# [ASSIGNMENT]
Please copy exactly the part of the records below that opens with the line containing "TE Part #1376382-1" and closes with the line containing "Business in Africa", leaving out any pictures.

(Dataset excerpts)
--------------------------------

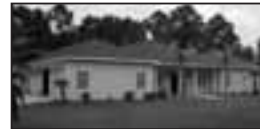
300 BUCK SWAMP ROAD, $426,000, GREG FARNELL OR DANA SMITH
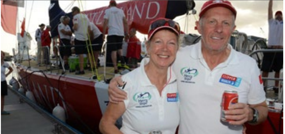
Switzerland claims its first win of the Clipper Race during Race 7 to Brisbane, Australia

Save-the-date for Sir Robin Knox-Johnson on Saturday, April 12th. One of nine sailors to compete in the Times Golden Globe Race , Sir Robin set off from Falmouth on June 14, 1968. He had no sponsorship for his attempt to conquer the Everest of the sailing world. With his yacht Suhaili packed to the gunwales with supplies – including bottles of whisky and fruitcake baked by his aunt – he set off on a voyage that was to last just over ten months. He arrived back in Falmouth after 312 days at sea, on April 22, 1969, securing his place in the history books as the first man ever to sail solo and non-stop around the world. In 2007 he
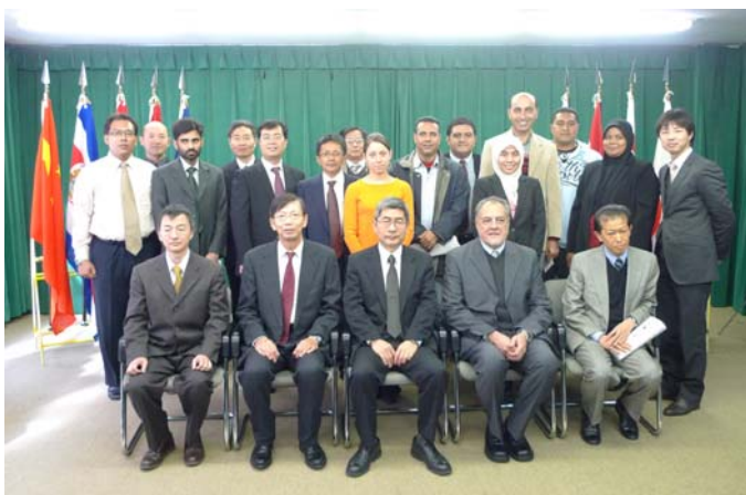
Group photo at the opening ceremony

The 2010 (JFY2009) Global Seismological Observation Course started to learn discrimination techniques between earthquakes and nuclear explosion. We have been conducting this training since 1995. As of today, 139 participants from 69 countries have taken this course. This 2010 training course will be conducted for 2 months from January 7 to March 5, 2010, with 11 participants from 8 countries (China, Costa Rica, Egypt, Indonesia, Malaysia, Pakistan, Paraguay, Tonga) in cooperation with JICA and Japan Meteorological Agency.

--------------------------------

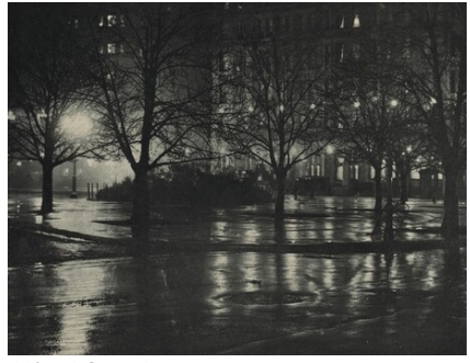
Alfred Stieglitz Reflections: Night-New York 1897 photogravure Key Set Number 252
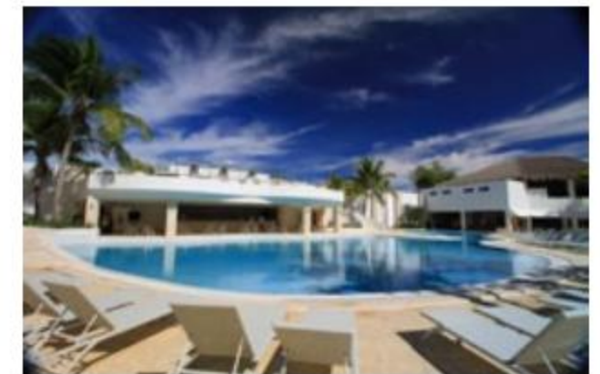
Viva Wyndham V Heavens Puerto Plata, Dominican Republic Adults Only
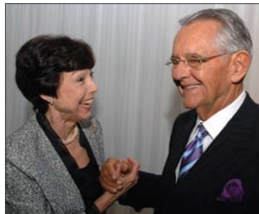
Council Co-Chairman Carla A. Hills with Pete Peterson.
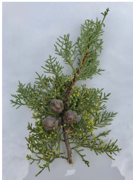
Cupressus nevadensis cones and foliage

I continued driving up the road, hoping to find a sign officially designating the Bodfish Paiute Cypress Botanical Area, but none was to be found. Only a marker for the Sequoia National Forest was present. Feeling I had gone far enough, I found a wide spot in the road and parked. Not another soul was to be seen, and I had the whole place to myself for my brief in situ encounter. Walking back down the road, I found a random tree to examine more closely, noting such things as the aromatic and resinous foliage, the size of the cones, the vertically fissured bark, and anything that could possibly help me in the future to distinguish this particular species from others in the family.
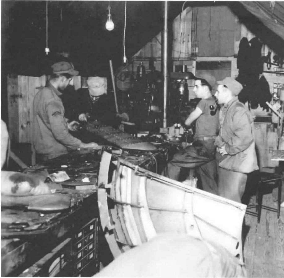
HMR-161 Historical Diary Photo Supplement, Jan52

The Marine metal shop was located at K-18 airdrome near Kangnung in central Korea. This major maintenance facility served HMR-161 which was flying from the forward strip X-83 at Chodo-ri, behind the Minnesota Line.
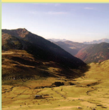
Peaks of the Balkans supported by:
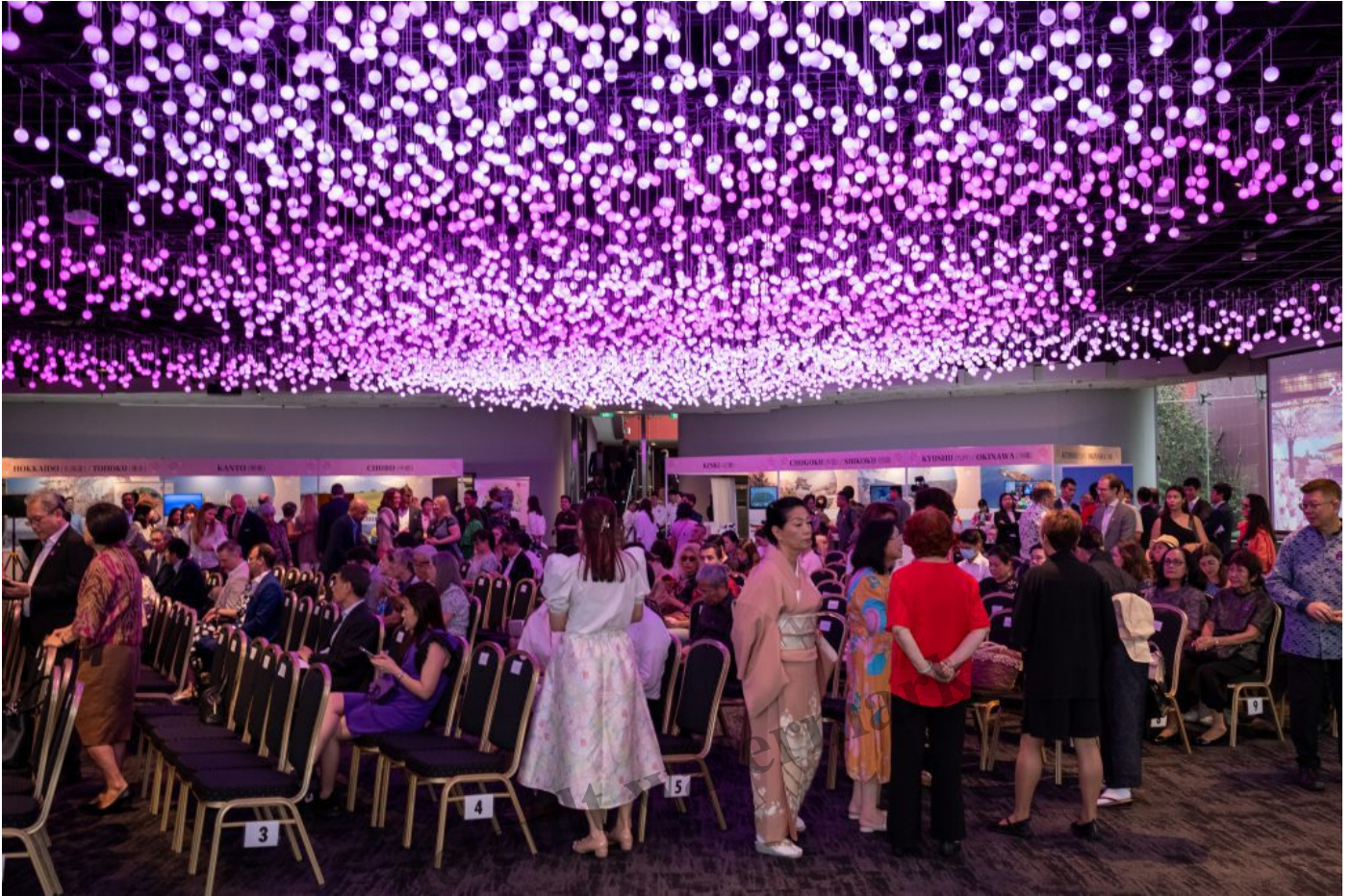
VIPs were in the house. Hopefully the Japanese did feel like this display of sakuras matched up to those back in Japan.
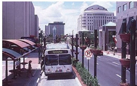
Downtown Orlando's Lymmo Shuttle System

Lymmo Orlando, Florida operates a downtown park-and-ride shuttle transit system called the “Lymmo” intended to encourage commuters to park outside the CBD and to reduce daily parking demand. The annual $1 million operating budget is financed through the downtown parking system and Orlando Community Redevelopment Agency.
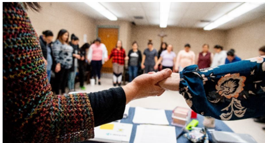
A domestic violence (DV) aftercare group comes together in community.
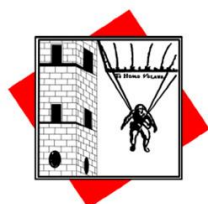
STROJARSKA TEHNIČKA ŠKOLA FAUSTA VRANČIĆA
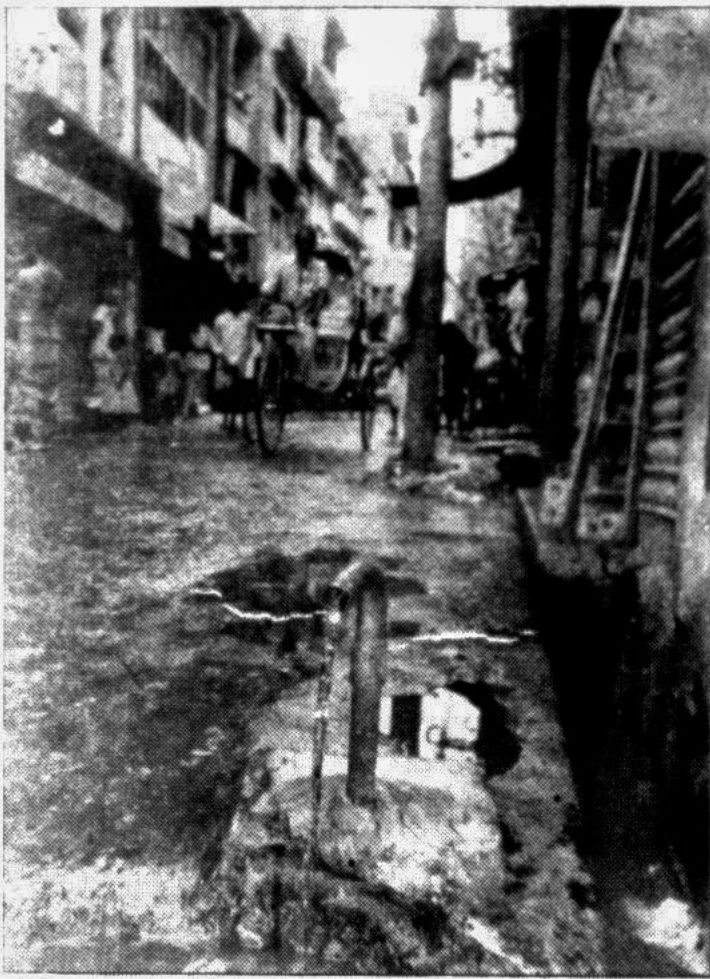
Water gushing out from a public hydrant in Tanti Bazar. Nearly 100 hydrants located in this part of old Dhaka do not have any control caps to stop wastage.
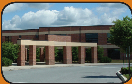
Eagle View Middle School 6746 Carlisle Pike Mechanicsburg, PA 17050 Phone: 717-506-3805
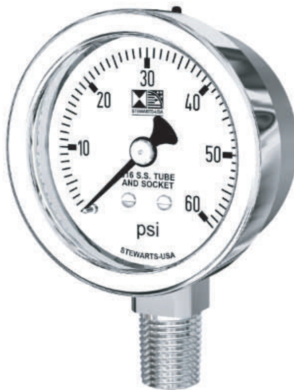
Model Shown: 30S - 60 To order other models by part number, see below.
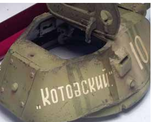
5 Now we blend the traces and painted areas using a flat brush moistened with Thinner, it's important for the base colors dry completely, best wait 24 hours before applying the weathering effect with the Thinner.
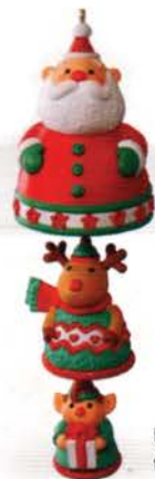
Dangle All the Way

--------------------------------

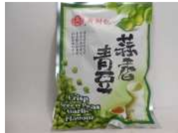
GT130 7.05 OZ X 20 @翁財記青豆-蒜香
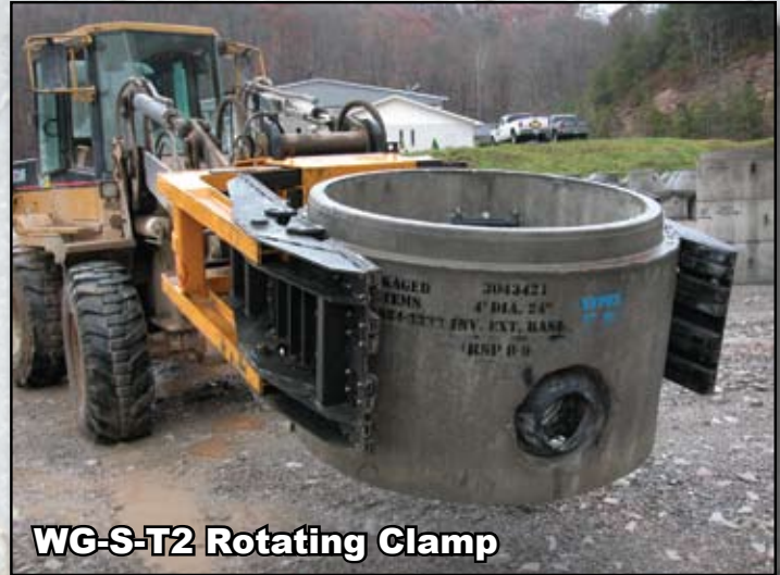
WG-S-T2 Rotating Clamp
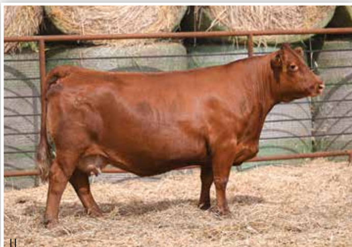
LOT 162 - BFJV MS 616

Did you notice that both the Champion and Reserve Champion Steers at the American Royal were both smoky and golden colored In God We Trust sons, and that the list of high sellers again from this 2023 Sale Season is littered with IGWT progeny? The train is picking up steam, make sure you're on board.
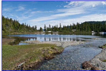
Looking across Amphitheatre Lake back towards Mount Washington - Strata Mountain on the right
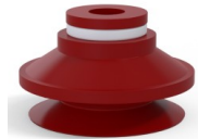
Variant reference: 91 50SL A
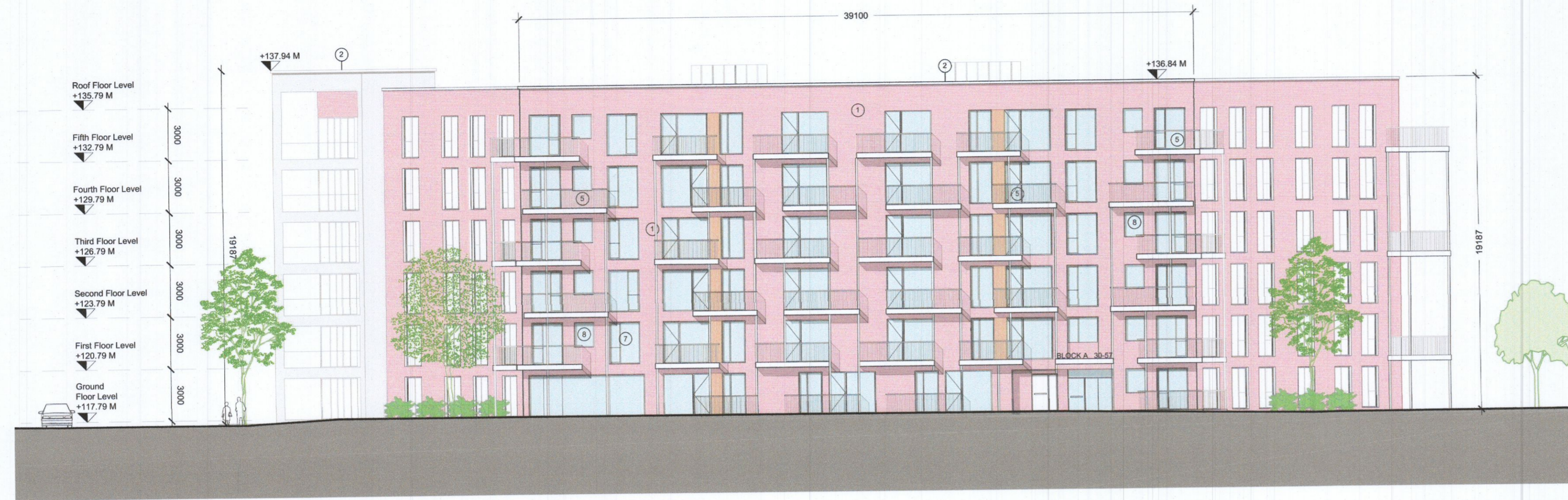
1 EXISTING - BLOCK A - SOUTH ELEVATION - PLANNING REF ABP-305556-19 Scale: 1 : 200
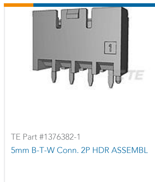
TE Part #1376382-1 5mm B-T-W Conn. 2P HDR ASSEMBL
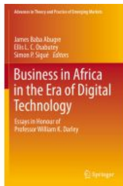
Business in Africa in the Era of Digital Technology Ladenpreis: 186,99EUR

--------------------------------

# [WRITTEN ANSWER]
TE Part #1376382-1 5mm B-T-W Conn. 2P HDR ASSEMBL
Business in Africa in the Era of Digital Technology Ladenpreis: 186,99EUR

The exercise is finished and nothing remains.